**Activity:**
Restate the listing below word for word; no pictures belong in the copy.

═══ Source material ═══

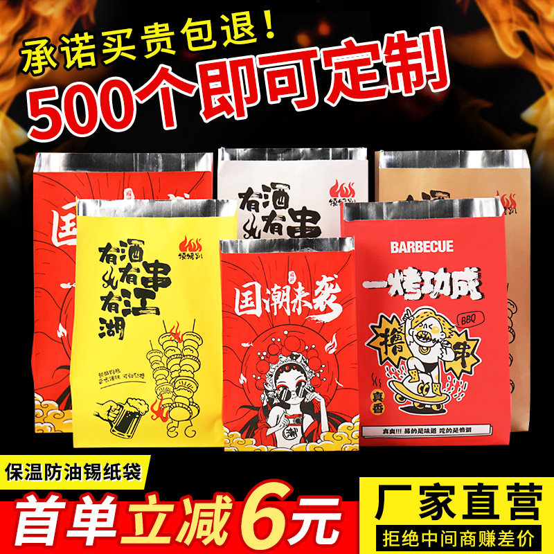 Grill packing bag aluminum foil insulation tin foil bag disposable takeaway packaging bag oil-proof grilled skewer fried skewers cowhide bag
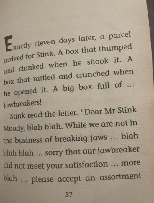 How is Stink feeling when he receives a reply for his letter? Give evidence to support your answer.
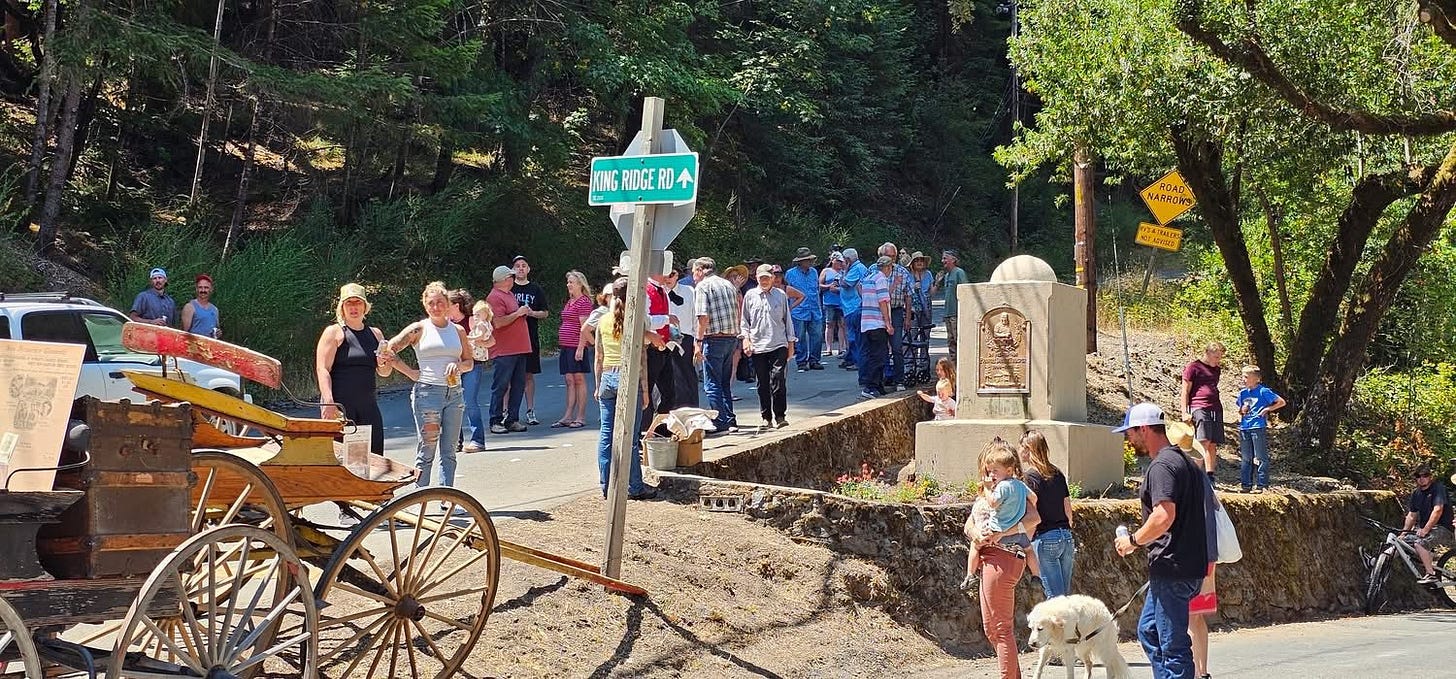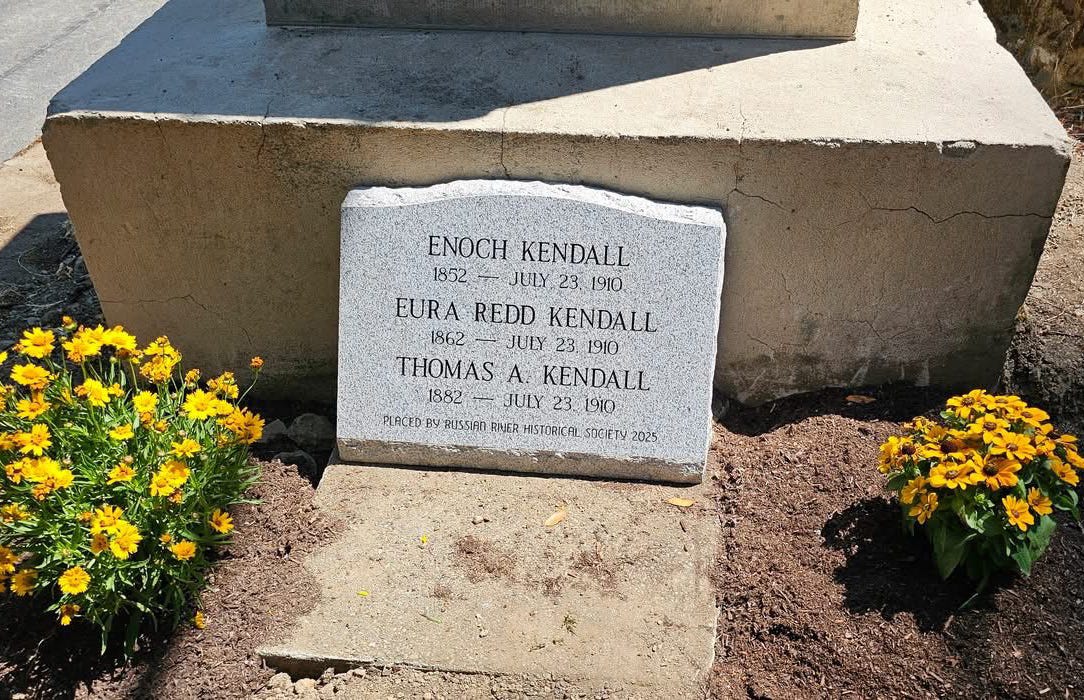 Fifty years later, which is to say Sunday, August 10, 2025, people came from far and near for Cazadero Hometown Days. They enjoyed a pancake breakfast, a fundraiser of the Cazadero Community Club, and gathered to set a proper marker at the Kendall’s grave.

═══

**Expected output:**
 Grill packing bag aluminum foil insulation tin foil bag disposable takeaway packaging bag oil-proof grilled skewer fried skewers cowhide bag
 How is Stink feeling when he receives a reply for his letter? Give evidence to support your answer.
 Fifty years later, which is to say Sunday, August 10, 2025, people came from far and near for Cazadero Hometown Days. They enjoyed a pancake breakfast, a fundraiser of the Cazadero Community Club, and gathered to set a proper marker at the Kendall’s grave.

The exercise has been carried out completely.